Top of Source material

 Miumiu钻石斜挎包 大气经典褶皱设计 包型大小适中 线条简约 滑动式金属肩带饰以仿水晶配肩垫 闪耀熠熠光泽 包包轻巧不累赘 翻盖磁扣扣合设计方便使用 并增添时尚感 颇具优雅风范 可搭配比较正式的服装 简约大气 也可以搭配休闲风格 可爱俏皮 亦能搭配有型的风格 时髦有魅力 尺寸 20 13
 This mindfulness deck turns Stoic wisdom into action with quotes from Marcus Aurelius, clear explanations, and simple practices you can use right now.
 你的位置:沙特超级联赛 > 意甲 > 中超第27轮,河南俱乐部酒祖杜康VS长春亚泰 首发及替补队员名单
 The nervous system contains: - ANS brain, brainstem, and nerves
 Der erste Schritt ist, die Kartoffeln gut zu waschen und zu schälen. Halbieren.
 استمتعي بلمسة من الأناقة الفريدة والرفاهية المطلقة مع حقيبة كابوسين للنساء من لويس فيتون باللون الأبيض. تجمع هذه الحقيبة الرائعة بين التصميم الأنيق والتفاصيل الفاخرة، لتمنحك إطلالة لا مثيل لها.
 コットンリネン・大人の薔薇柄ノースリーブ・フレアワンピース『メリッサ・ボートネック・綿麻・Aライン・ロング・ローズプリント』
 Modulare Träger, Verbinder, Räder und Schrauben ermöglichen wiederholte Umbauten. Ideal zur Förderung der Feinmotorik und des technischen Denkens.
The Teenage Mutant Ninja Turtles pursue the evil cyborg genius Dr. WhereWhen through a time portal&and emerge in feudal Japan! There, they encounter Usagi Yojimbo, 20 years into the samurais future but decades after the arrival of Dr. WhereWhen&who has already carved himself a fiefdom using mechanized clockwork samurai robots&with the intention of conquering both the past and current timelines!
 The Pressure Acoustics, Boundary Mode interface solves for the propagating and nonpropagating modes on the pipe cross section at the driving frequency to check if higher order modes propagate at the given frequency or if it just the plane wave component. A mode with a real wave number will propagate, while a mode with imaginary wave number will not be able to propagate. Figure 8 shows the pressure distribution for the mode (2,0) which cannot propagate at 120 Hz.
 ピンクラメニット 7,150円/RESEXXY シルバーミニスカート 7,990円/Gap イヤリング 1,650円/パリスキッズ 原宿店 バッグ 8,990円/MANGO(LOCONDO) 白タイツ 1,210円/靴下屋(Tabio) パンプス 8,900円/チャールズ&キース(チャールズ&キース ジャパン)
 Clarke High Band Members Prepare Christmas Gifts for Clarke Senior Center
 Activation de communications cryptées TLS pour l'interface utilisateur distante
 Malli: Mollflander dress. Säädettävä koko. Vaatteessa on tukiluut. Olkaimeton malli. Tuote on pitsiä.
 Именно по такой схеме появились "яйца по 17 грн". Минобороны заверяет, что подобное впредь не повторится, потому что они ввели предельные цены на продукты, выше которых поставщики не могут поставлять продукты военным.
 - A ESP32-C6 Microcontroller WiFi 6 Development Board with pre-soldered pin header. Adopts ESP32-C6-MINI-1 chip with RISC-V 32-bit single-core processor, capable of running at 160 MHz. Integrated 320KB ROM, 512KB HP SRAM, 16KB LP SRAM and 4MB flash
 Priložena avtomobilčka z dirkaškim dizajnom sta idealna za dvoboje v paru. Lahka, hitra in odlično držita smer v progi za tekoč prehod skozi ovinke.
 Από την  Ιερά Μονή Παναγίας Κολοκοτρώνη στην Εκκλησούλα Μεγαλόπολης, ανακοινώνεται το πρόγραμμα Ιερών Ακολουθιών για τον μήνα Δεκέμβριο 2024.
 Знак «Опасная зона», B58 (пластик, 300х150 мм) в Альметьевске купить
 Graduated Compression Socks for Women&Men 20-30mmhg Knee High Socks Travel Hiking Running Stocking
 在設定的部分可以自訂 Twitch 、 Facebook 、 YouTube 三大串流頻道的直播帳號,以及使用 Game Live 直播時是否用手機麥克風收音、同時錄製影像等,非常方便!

Bottom of Source material

## Task to complete
Above are the entries. Quote exactly the lines from the one bearing "The Pressure Acoustics, Boundary" through the one bearing "Именно по такой".

## Solution
 The Pressure Acoustics, Boundary Mode interface solves for the propagating and nonpropagating modes on the pipe cross section at the driving frequency to check if higher order modes propagate at the given frequency or if it just the plane wave component. A mode with a real wave number will propagate, while a mode with imaginary wave number will not be able to propagate. Figure 8 shows the pressure distribution for the mode (2,0) which cannot propagate at 120 Hz.
 ピンクラメニット 7,150円/RESEXXY シルバーミニスカート 7,990円/Gap イヤリング 1,650円/パリスキッズ 原宿店 バッグ 8,990円/MANGO(LOCONDO) 白タイツ 1,210円/靴下屋(Tabio) パンプス 8,900円/チャールズ&キース(チャールズ&キース ジャパン)
 Clarke High Band Members Prepare Christmas Gifts for Clarke Senior Center
 Activation de communications cryptées TLS pour l'interface utilisateur distante
 Malli: Mollflander dress. Säädettävä koko. Vaatteessa on tukiluut. Olkaimeton malli. Tuote on pitsiä.
 Именно по такой схеме появились "яйца по 17 грн". Минобороны заверяет, что подобное впредь не повторится, потому что они ввели предельные цены на продукты, выше которых поставщики не могут поставлять продукты военным.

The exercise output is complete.